## Brief
Among the entries below, only the lines from the one with "1238 Antiquities 21mm 4,62g0" through the one with "Fig. 1 The Pack" are to be retyped, exactly and without pictures.

## Input data
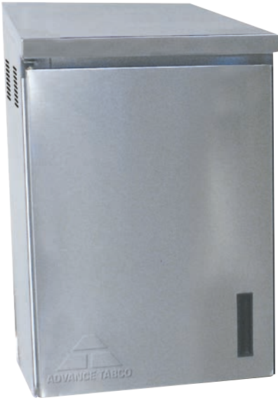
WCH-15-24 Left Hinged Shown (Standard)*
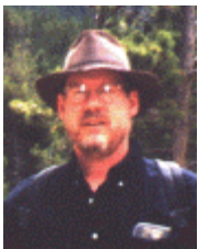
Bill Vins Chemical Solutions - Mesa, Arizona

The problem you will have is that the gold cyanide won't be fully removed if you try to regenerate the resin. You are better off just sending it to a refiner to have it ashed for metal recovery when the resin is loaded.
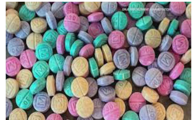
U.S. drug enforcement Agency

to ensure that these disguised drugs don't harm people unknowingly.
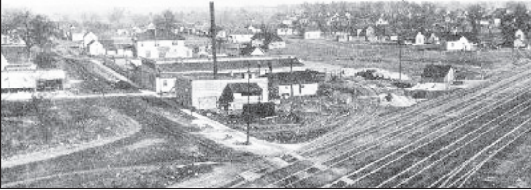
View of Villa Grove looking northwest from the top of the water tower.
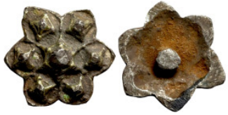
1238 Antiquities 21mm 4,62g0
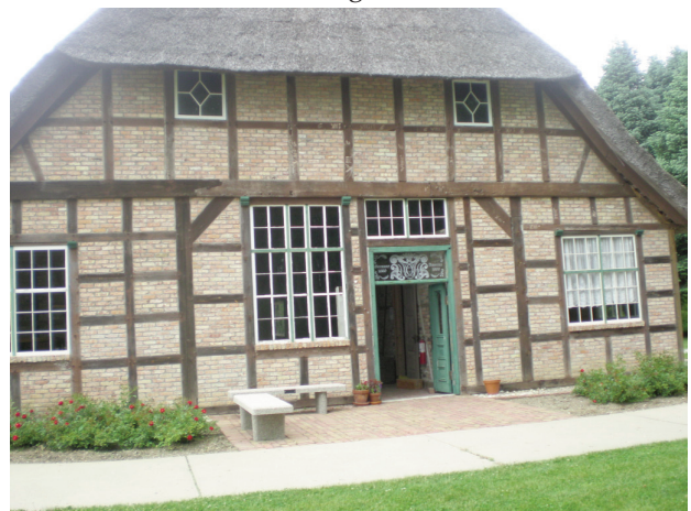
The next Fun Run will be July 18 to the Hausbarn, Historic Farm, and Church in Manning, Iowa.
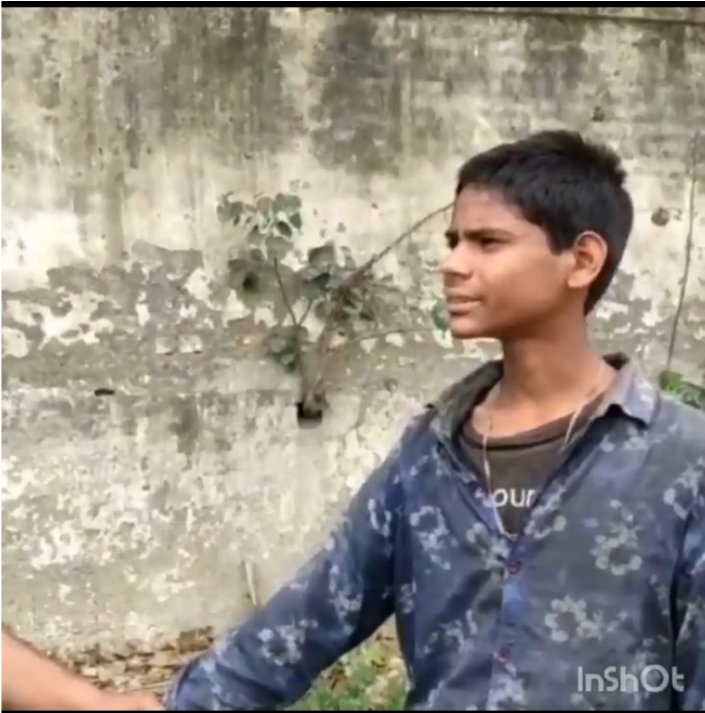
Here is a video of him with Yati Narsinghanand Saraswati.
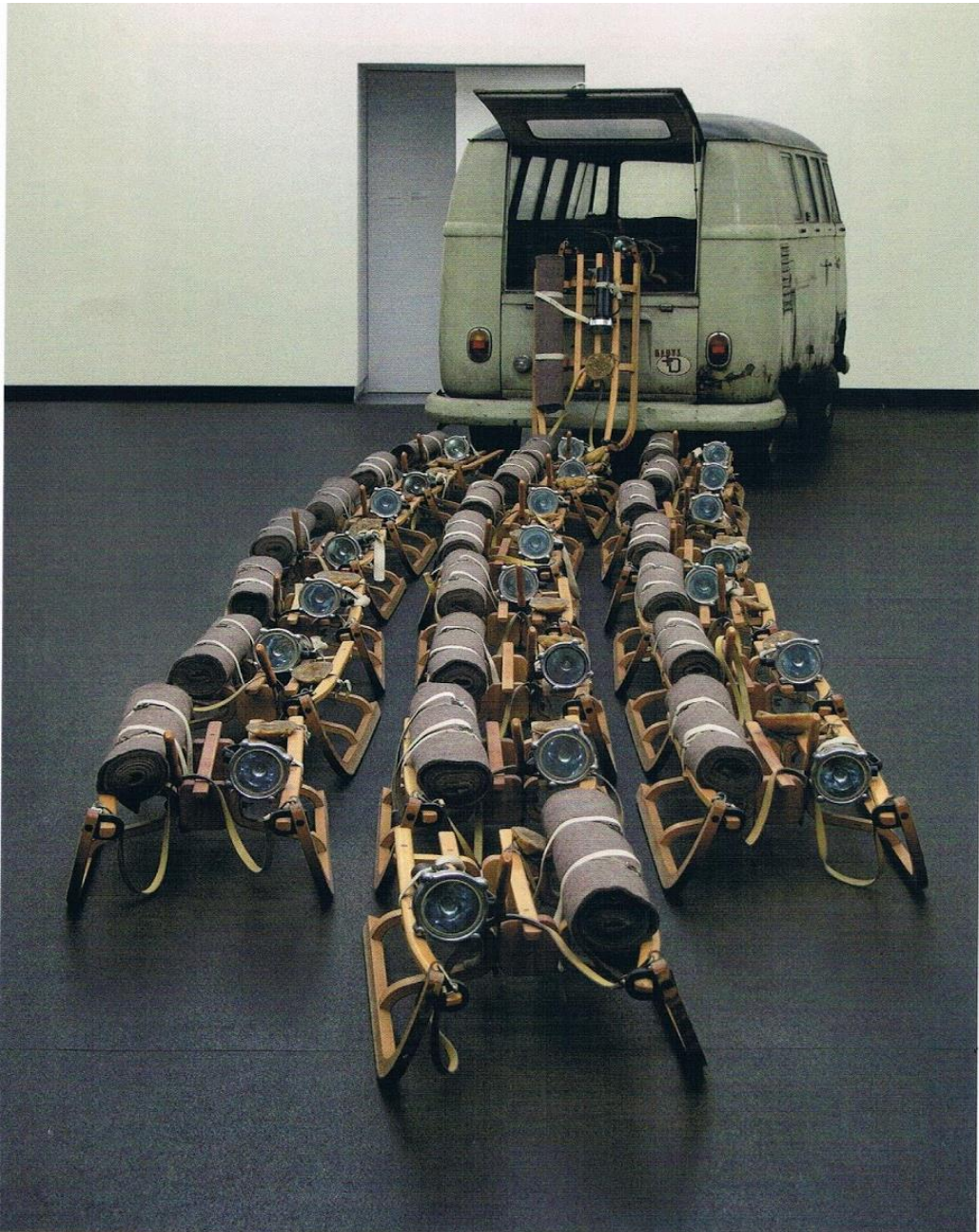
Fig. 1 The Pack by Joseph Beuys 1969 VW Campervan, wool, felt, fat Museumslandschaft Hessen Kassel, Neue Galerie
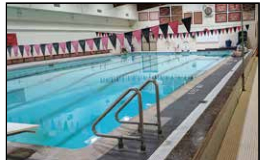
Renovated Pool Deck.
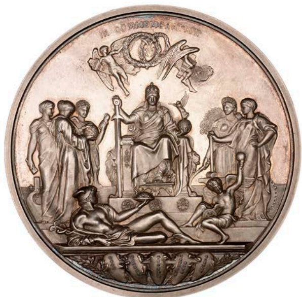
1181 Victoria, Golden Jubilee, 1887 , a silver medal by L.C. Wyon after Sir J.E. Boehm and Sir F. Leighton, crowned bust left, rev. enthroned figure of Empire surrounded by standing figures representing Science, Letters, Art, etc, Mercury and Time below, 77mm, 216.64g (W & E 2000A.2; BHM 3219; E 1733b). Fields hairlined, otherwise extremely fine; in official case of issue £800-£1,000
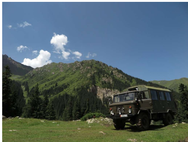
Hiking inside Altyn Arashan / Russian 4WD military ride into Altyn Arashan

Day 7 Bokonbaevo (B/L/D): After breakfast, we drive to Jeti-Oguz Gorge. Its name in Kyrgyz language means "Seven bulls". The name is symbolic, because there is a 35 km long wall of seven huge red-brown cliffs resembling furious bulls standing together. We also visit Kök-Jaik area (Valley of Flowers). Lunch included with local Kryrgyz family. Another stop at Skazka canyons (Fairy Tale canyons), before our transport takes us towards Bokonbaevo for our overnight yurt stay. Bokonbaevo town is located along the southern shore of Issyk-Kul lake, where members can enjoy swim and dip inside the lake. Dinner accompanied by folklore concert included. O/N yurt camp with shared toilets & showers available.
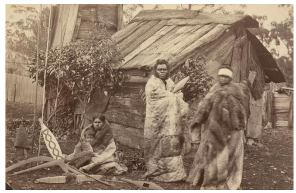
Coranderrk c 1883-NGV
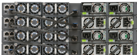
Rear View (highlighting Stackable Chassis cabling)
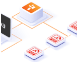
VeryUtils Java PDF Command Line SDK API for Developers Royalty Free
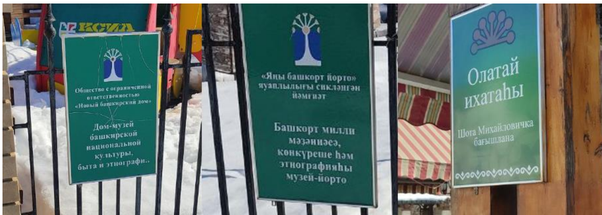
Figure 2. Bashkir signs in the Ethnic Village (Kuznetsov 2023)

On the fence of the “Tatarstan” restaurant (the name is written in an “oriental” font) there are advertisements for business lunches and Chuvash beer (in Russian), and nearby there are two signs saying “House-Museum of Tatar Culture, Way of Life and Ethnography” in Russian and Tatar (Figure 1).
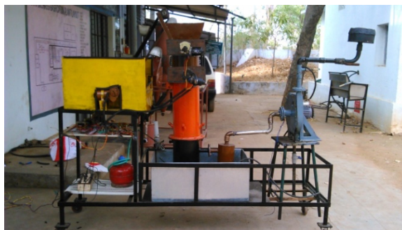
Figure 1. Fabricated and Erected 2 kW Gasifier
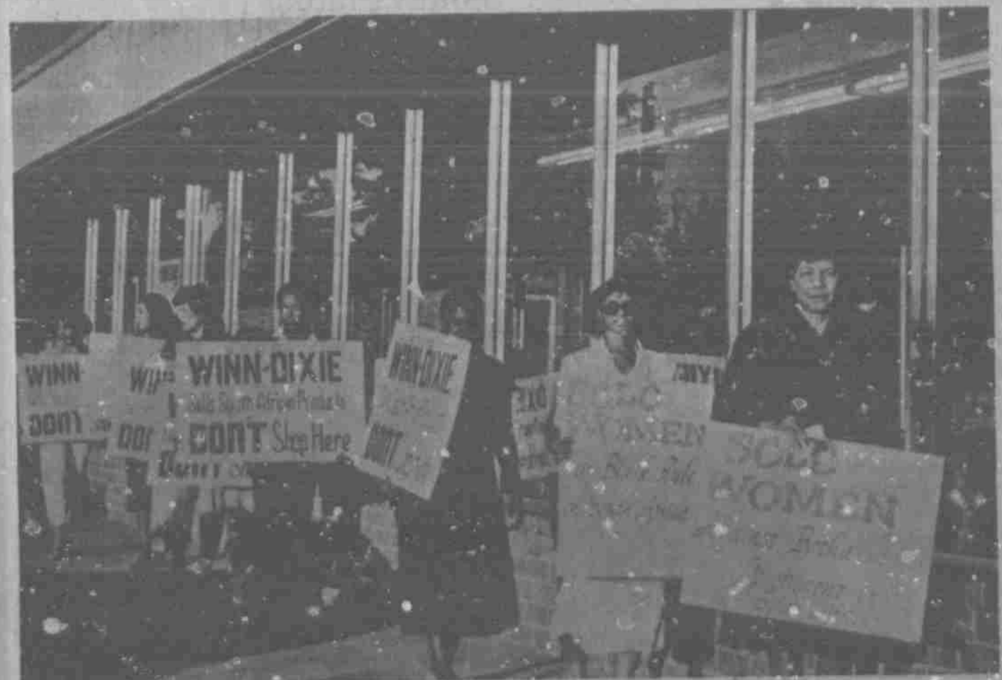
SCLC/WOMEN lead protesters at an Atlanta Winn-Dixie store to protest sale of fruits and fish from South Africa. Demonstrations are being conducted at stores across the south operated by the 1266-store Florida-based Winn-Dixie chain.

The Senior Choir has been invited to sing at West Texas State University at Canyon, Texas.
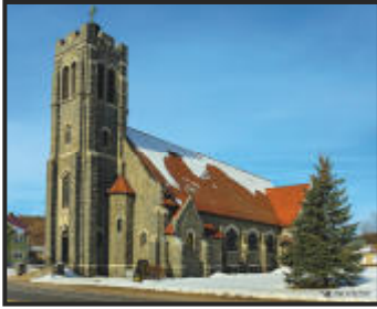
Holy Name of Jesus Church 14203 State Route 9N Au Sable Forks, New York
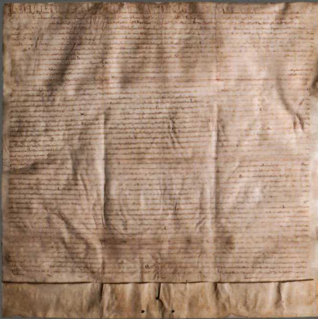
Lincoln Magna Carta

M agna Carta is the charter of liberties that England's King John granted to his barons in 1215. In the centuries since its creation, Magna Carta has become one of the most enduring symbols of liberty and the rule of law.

## Completed exercise
1238 Antiquities 21mm 4,62g0
The next Fun Run will be July 18 to the Hausbarn, Historic Farm, and Church in Manning, Iowa.
Here is a video of him with Yati Narsinghanand Saraswati.
Fig. 1 The Pack by Joseph Beuys 1969 VW Campervan, wool, felt, fat Museumslandschaft Hessen Kassel, Neue Galerie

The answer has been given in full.